What you should do — Nothing but the lines from the start of the entries through the line holding "The Celestial Eye™" is to be repeated, exactly and with pictures excluded.

Material to process —
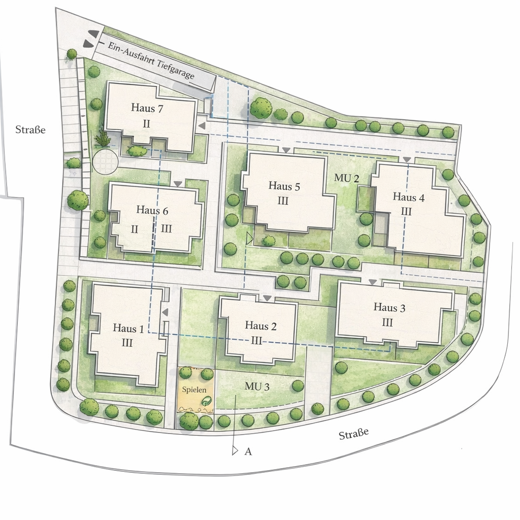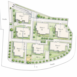 Auf dieser besonderen Fläche entsteht das grüne Wohnen in der Alte Gärtnerei mit 7 Gebäuden und individuellen Wohnungen. Die gesamte Parkanlage ist durch eine gemeinsame Tiefgarage mit Anbindung aller Objekte verkehrsbefreit.
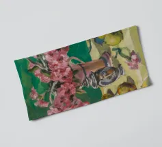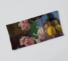 Un'audace natura morta con vivaci fiori rosso-rosa, forse papaveri o gerani, in un semplice vaso, accanto a fresche pere verdi, il tutto su una ricca tovaglia rossa che contrasta nettamente con uno sfondo blu intenso.
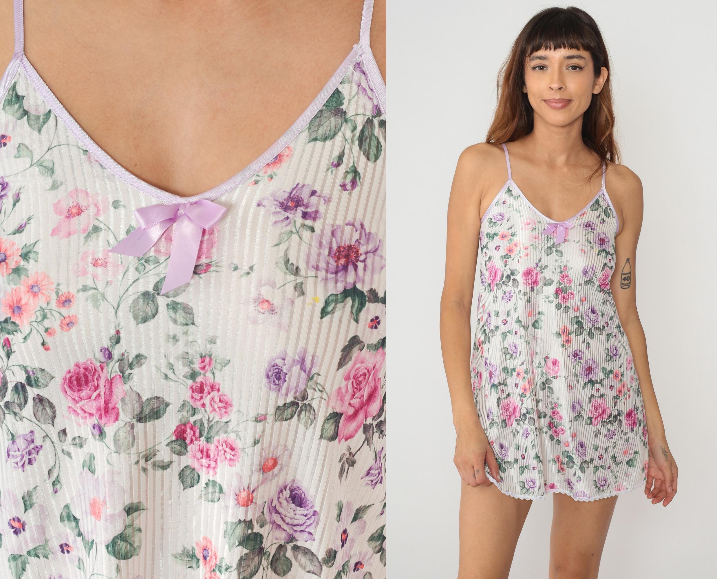 90s white floral mini dress with pleated texture throughout the fabric. Pink and purple roses with green leaves printed across cream base, lavender spaghetti straps and purple bow detail at V-neckline.
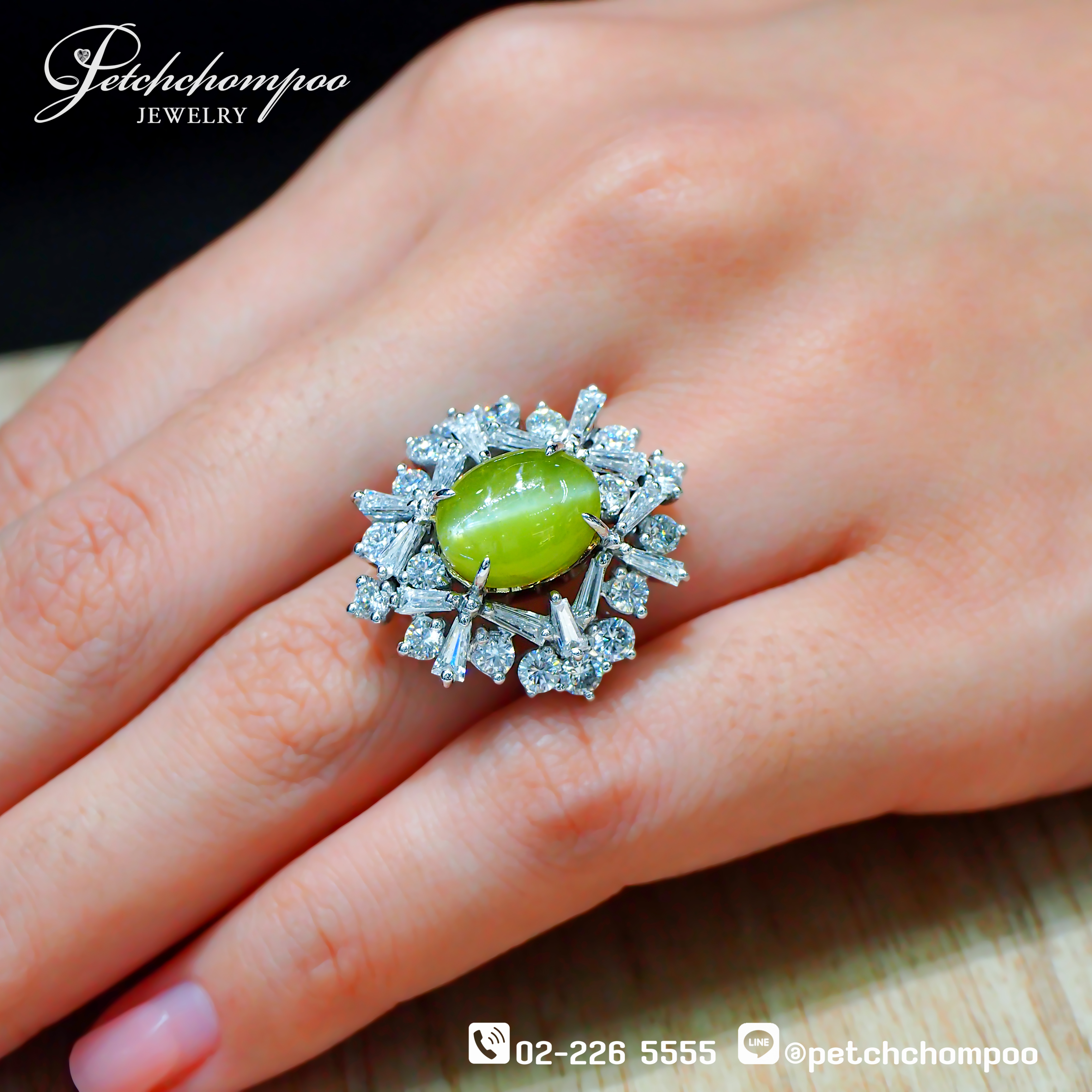 The Celestial Eye™ ring captures the mysterious beauty of a 9.85-carat natural Cat’s Eye Chrysoberyl, glowing with a sharp luminous band — the hallmark of a true “Cat’s Eye Effect.”
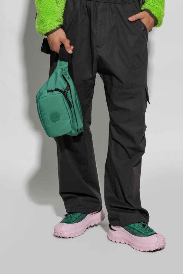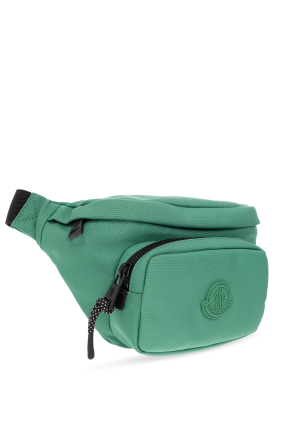 Green belt bag from Moncler. Fastened with a zip, this design features a logo patch, zip pocket on the front and back, adjustable shoulder strap and one internal compartment.
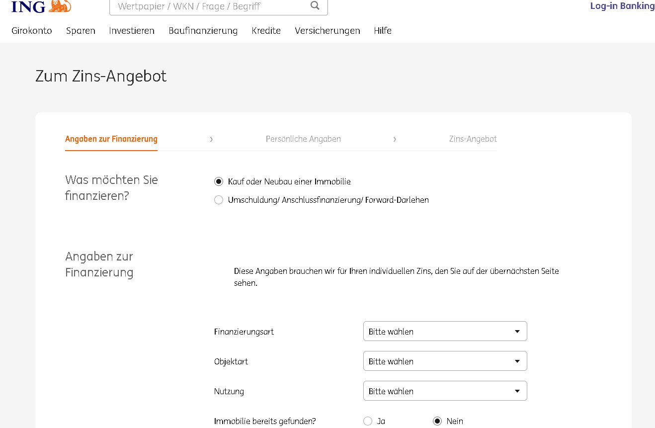 Also wir haben uns schon von der Ing direkt ein Angebot machen lassen, weil wir da beide Kunden sind. Die lokale Sparkasse hat uns dann aber den gleichen Zins geboten und dann haben wir uns für die Vorort und mit direktem Ansprechpartner Variante entschieden.
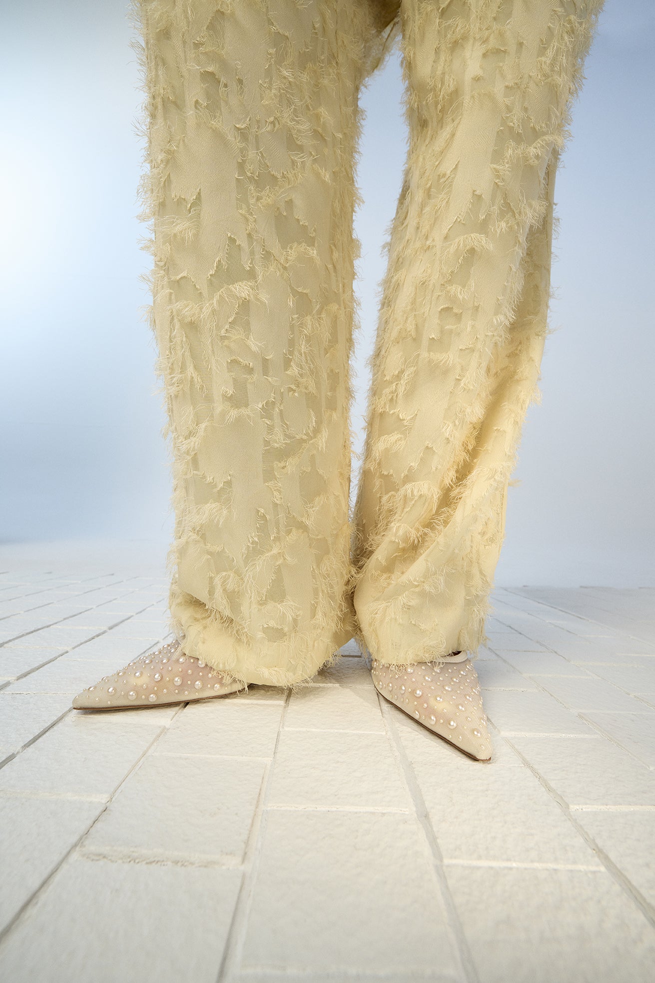 Feel supremely graceful on your special day while sporting these stunning mesh slingbacks, lovingly dotted with shiny white pearls.
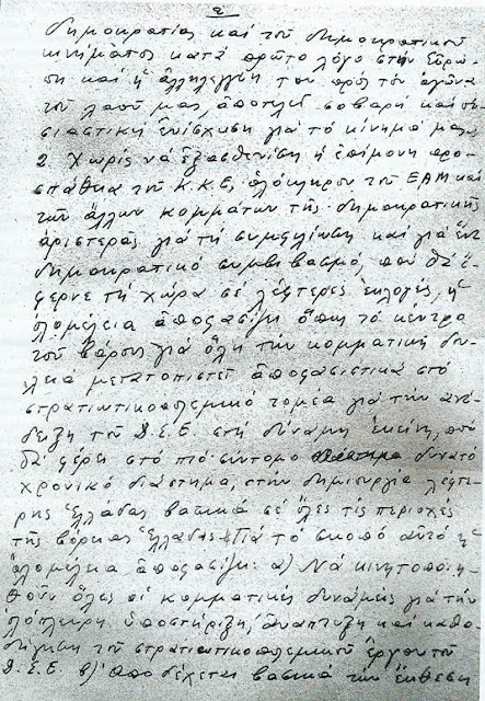 β) αποδέχεται βασικά την έκθεση της στρατιωτικοπολιτικής ηγεσίας του ΔΣΕ σα βάση για την πραγματοποίηση από στρατιωτική πλευρά της πολιτικής του ΚΚΕ, για τη δημιουργία της λέφτερης περιοχής στη Βόρεια Ελλάδα, γ) αναθέτει στο δεύτερο κλιμάκιο του ΠΓ όπως επί τόπου στη λέφτερη περιοχή διευθύνη και οργανώσει όλη την κομματική πολιτικοστρατιωτική δουλειά για την πραγματοποίηση της απόφασης αυτής και ιδιαίτερα του σχεδίου της ηγεσίας του ΔΣΕ.
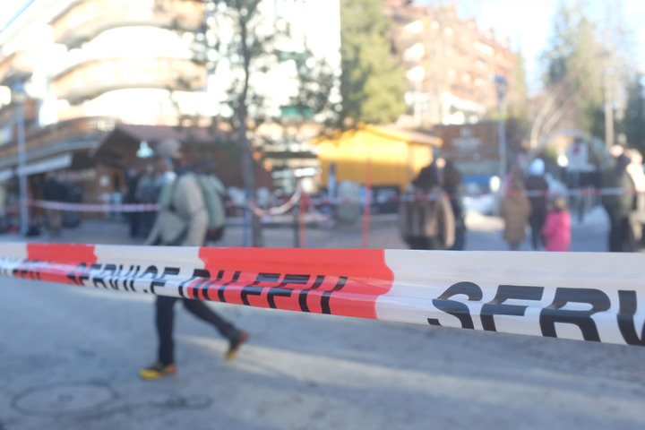 1月1日,在瑞士克朗-蒙大拿,警方在发生火灾的酒吧附近区域拉起警戒线。新华社发(周玓珞摄)

Output below —
 Auf dieser besonderen Fläche entsteht das grüne Wohnen in der Alte Gärtnerei mit 7 Gebäuden und individuellen Wohnungen. Die gesamte Parkanlage ist durch eine gemeinsame Tiefgarage mit Anbindung aller Objekte verkehrsbefreit.
 Un'audace natura morta con vivaci fiori rosso-rosa, forse papaveri o gerani, in un semplice vaso, accanto a fresche pere verdi, il tutto su una ricca tovaglia rossa che contrasta nettamente con uno sfondo blu intenso.
 90s white floral mini dress with pleated texture throughout the fabric. Pink and purple roses with green leaves printed across cream base, lavender spaghetti straps and purple bow detail at V-neckline.
 The Celestial Eye™ ring captures the mysterious beauty of a 9.85-carat natural Cat’s Eye Chrysoberyl, glowing with a sharp luminous band — the hallmark of a true “Cat’s Eye Effect.”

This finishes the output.